• Fixed tax on retailers, realtors may be introduced from Jan 1
• Revenue targets aimed through import growth key concern for Fund’s mission
• Technical discussions set to conclude today; policy-level talks begin on Monday

ISLAMABAD: The caretaker government and the International Monetary Fund (IMF) have reached a consensus on backup measures to activate by the year’s end if significant deviations from fiscal and monetary objectives threaten the broader aims of the ongoing $3 billion loan programme.

Informed sources told Dawn that a visiting mission of the IMF and the Pakistani authorities would be concluding technical-level discussions on Friday that involve an exchange of the latest data, not only limited to the end-September quarterly performance, and queries and clarifications on all macroeconomic areas and their forward-looking outcomes.

While formal policy-level talks are expected to begin on Monday, both sides agree on the future course of action, including expanding the scope of taxation on the retail sector and improving the targeting of real estate-based revenue collection in case of any shortfall.

A fixed taxation scheme for retailers could be the first shot in the arm in case of a minor revenue gap, to be followed by real estate, through an ordinance with effect from Jan 1. Further clarity and specifics would emerge in policy discussions next week.

The sources said revenue targets aimed through import growth were the key concern for the IMF mission, as imports so far remain subdued than anticipated at the time of budget 2023-24 and the loan deal’s finalisation in July.

In any case, both retail and real estate sectors would be required to significantly increase their contribution to the revenue stream from their existing share with effect from July 1, 2024.

The sources said the two sides had no big issue on the need for curtailing development spending during the current year both at the federal and provincial levels, but effective taxation on agriculture income remains out of the caretaker government’s agenda given constitutional limitations, although the IMF mission has not given up flagging its importance.

In August, the government shared with the IMF a revised plan for managing the power sector circular debt, besides rebasing annual tariffs and streamlining monthly and quarterly fuel adjustments, including that of the private power utility K-Electric.

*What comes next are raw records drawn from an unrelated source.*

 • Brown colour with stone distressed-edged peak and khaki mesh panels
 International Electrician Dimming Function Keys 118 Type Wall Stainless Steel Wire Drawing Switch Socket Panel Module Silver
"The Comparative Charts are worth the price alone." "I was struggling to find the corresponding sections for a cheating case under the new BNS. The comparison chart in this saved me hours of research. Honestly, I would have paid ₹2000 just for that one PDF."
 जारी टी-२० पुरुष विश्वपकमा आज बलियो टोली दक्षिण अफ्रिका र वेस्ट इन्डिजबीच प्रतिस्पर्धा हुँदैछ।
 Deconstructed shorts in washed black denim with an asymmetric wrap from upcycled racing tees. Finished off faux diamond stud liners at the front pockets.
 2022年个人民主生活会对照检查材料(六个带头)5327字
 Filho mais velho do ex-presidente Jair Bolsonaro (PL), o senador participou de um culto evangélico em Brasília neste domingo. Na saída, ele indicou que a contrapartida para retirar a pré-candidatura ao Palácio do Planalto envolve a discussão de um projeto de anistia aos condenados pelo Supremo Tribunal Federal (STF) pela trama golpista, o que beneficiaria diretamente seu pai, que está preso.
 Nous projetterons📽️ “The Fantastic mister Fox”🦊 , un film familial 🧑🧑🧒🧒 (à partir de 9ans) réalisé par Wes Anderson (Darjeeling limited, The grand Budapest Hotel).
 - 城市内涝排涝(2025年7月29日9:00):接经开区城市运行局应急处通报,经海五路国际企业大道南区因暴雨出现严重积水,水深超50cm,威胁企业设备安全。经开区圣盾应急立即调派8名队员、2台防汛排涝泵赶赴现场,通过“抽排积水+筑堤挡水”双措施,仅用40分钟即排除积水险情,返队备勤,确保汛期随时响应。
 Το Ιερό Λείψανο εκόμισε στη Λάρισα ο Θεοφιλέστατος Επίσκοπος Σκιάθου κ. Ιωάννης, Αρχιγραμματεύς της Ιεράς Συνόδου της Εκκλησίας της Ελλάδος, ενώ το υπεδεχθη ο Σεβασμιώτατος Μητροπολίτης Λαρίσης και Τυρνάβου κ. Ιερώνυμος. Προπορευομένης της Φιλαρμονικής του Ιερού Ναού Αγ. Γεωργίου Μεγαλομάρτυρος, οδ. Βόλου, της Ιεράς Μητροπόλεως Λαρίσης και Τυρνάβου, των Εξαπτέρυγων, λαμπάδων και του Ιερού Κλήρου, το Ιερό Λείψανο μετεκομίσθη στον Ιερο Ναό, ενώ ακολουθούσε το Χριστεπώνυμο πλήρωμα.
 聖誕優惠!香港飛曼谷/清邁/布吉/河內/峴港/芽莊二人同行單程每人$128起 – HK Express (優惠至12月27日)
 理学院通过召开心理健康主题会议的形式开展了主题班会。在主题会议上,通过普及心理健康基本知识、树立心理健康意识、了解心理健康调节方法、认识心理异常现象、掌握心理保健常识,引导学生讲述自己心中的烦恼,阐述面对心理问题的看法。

This meant no fresh flow to the circular debt, which had gone beyond Rs2.5 trillion by the end of September.

“Luckily, no major issue has emerged so far for the power sector this time,” an official said, hoping that policy-level talks with the IMF would remain smooth.

However, the government may have to make proper allocations to solarise tube wells in next year’s budget to further cut down on subsidies.

The policy-level talks next week would also suggest if the IMF had any problem with external financing needs that Pakistani authorities plan to meet through significantly higher foreign direct investment (FDI).

The government aims to attract this investment from friendly nations — particularly in mines and minerals, agriculture, aviation and energy sectors — through the newly created civil-military forum, the Special Investment Facilitation Council (SIFC).

The authorities are expecting such FDI — both through greenfield investment and brownfield through privatisation — to get impetus by January next year, given the advanced stages of negotiations on an umbrella trade treaty with Gulf nations and bilateral agreements.

Also, they anticipate improved market conditions for the international capital market and commercial financing based on the successful completion of the IMF review and the disbursement of the second loan tranche, worth over $710 million, of the current loan programme ending in late March next year.

Officials said the caretaker government has not only met the IMF’s requirement for no more government guarantees but had in fact outperformed by over Rs150bn by retiring some of the guarantees.

Likewise, it has also complied with no more borrowing from the central bank, while the gas sector’s circular debt had been stopped with the latest massive gas price hike notified with effect from Nov 1.

Questions are reported to have been raised on the exchange rate management leading to the rupee’s appreciation, but authorities have insisted that the change had been brought through administrative actions against smuggling and illegal operations and not through intervention.

The government and the IMF already have similar views on containing the development programme both at federal and provincial levels for fiscal tightening to minimise budget deficit and consolidate primary fiscal surplus. They plan to wrap up the review by Nov 16.

Earlier, the authorities had briefed the IMF team about the consultative process with provincial governments for not only slashing the federal funding to provincial projects but also the need to limit the Public Sector Development Programme (PSDP) of the federation and annual development plans (ADPs) of the provinces.

Pakistan has to achieve primary surplus — the difference between total revenues and expenditures except interest payments — at 0.4 per cent of GDP (about Rs400bn) based on Rs600bn cash surpluses to be returned to the federal government by the provinces.

The government has already crossed Rs416bn primary surplus in the first quarter of this fiscal year. The provincial cash surpluses did not materialise in the first quarter as planned, but the trend would reverse going forward.

The major achievement on primary balance had come through a tight squeeze on PSDP and subsidies, as total spending in the first quarter stood at less than Rs41bn against a full-year budget allocation of Rs950bn.